Tuesday, September 2, 2014

How a Unique 12-Digit Code Can Uproot Corruption in India


By virtue of an executive order, the Central Government of India created the Unique Identification Authority of India (UIDAI) in February 2009. UIDAI will be headed by a director-general carrying the rank of a cabinet and will be supervised by the Planning Commission. UIDAI was established to implement the Aadhaar scheme. All the residents of India will be issued a 12-digit unique identification number.

UIDAI was tasked to gather multimodal biometrics of residents - photographs, fingerprints and iris scan. The information will be the basis of an ambitious identification database. UIDAI uses a technology that can enroll millions of data every day at 99.99% accuracy. The robust system uses an open and scalable model.

Over the past decades, social welfare was India’s way of fighting poverty. The program has guaranteed jobs for the poor residents of Indian villages at an average daily wage of $60. However, out of the 1.2 billion people in India, only 200 million of them have driver’s license. The rest go about without any valid ID. This situation is the groundwork for the rampant frauds in India. Through the help of Infosys co-founder Nandan Nilekani, a robust, government-backed identification system is being helmed. Its success will be the first of its kind in the world - one that is fully verifiable online. To date, UIDAI has issued more than 450 million ID which can be used at anytime, especially for travel.

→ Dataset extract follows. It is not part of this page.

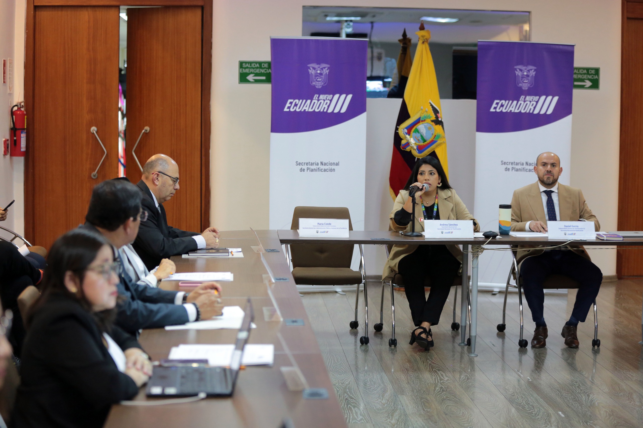 Quito (21/05/2025).- Este 21 de mayo de 2025, el Consejo Nacional de Planificación (CNP) mantuvo su primera sesión extraordinaria Nro. CNP-001-2025-E, el cual fue presidido por la Secretaria Nacional de Planificación (e), Andrea Sánchez, en calidad de presidenta, de acuerdo a la delegación realizada por el presidente de la República, Daniel Noboa Azin.

Those who have been enrolled in the program had their fingerprints taken and irises scanned, and have been issued their unique 12-digit code - scheme that proved helpful to a country with high illiteracy rate. The code is ready to be connected to a bank account. Their earnings are confirmed through a text message. Their money need not be skimmed or picked up. Instead, the ID user can proceed to an UID-recognized business to have their fingerprints scanned. Through the UID, the users are paid the exact amount that they earned rather than just a fraction of their earnings reaching their wallets.